[Dataset excerpts]

---+---

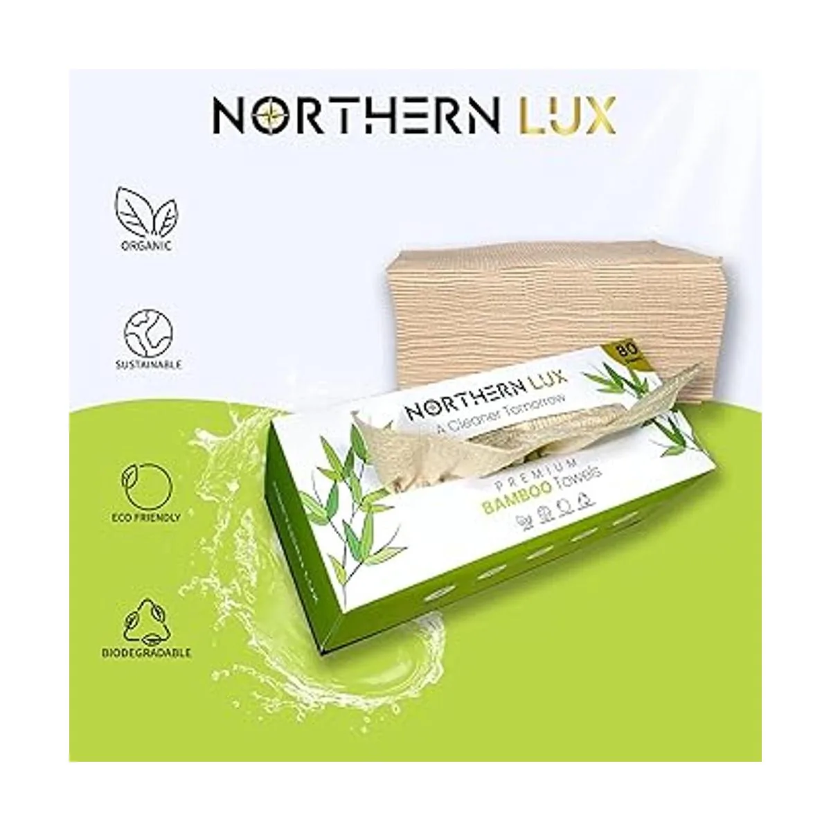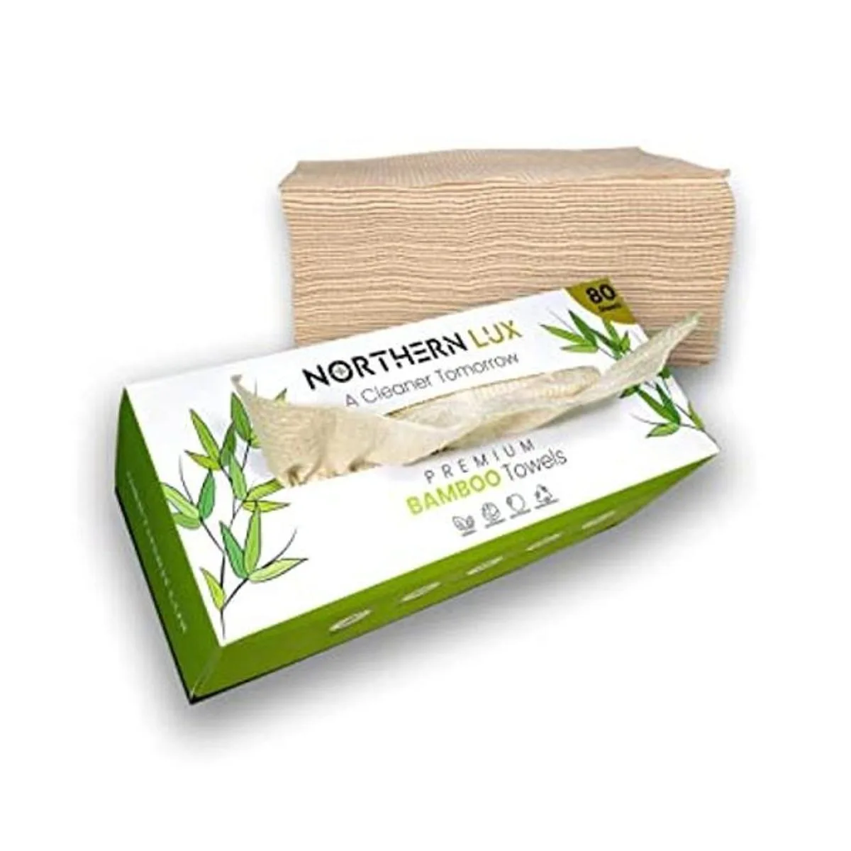 Northern Lux Toallas de bambú prémium 80 hojas, paños faciales orgánicos biodegradables, resistentes, suaves y libres de fragancia, desechables y sostenibles, absorbentes, multiusos
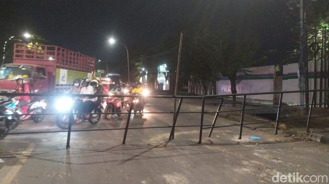 Massa juga menutup akses satu jalur jalan dari arah Gowa menuju Jalan AP Pettarani. Mereka menutup jalan menggunakan pagar besi.
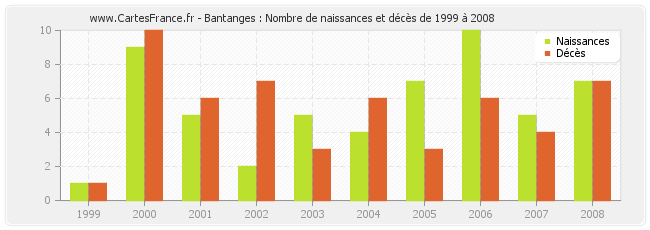 - Bantanges en 2008 : 7 naissances et 7 décès
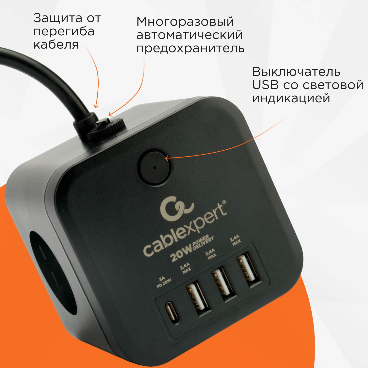 Сетевой фильтр Cablexpert Cube белый 10А 1xType-C PD 3xUSB 1.5 метра с заземлением выключателем и защитными шторками уровень защиты 4+ CUBE-3-CU3-W-1.5
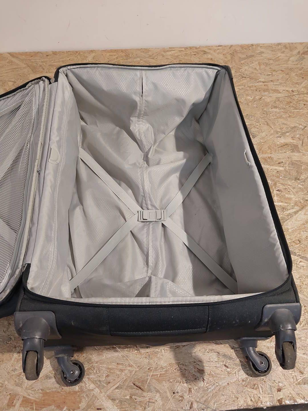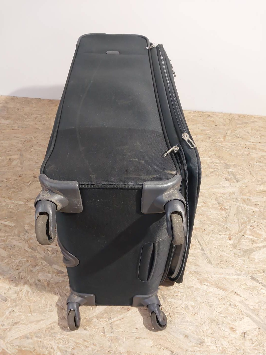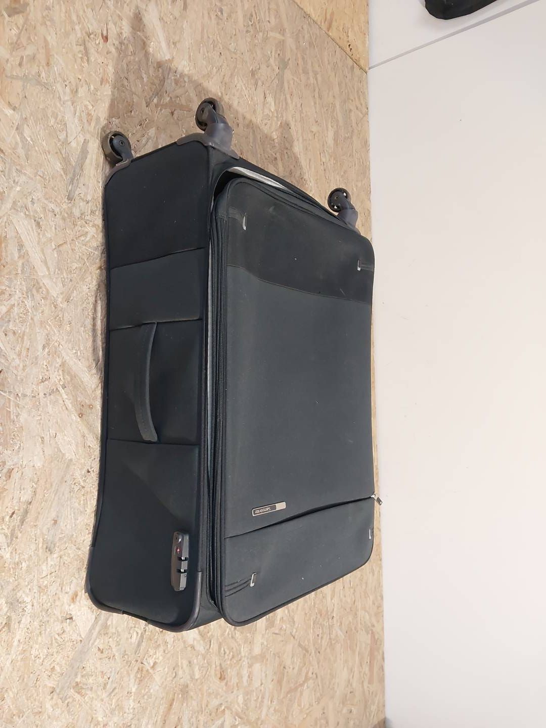 UWAGA PRODUKT POSIADA ZABRUDZENIA, PLAMY, ZARYSOWANIA, ZŁAMANĄ ROZKŁADANĄ RĄCZKĘ, ZNISZCZONE KOŁA, BRAK KODU DO ZAMYKANIA
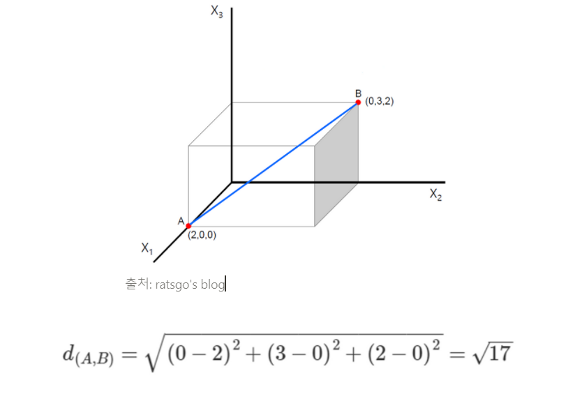 일반적인 점과 점사이의 거리를 구하는 방법이다.
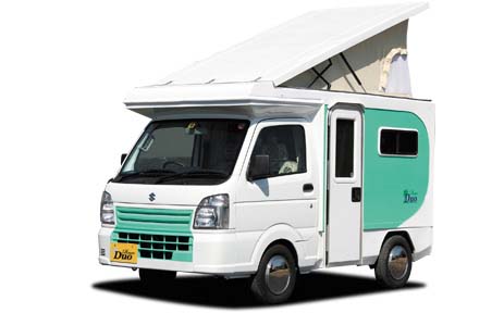 今回神奈川キャンピングカーフェアには初参加という同社からは、バリ島をイメージしたというインテリアの軽キャンピングカー「リゾート・デュオ」を出展。その名の通りカップル仕様となっており、家具は南国のマホガニーを使用。シート地も南国調のもの。今までにないコンセプトの1台。

---+---

REQUIRED WORK:
When you come to the line containing "Сетевой фильтр Cablexpert" in the records above, repeat that line and all lines after it exactly, but not the pictures.

EXERCISE RESPONSE:
 Сетевой фильтр Cablexpert Cube белый 10А 1xType-C PD 3xUSB 1.5 метра с заземлением выключателем и защитными шторками уровень защиты 4+ CUBE-3-CU3-W-1.5
 UWAGA PRODUKT POSIADA ZABRUDZENIA, PLAMY, ZARYSOWANIA, ZŁAMANĄ ROZKŁADANĄ RĄCZKĘ, ZNISZCZONE KOŁA, BRAK KODU DO ZAMYKANIA
 일반적인 점과 점사이의 거리를 구하는 방법이다.
 今回神奈川キャンピングカーフェアには初参加という同社からは、バリ島をイメージしたというインテリアの軽キャンピングカー「リゾート・デュオ」を出展。その名の通りカップル仕様となっており、家具は南国のマホガニーを使用。シート地も南国調のもの。今までにないコンセプトの1台。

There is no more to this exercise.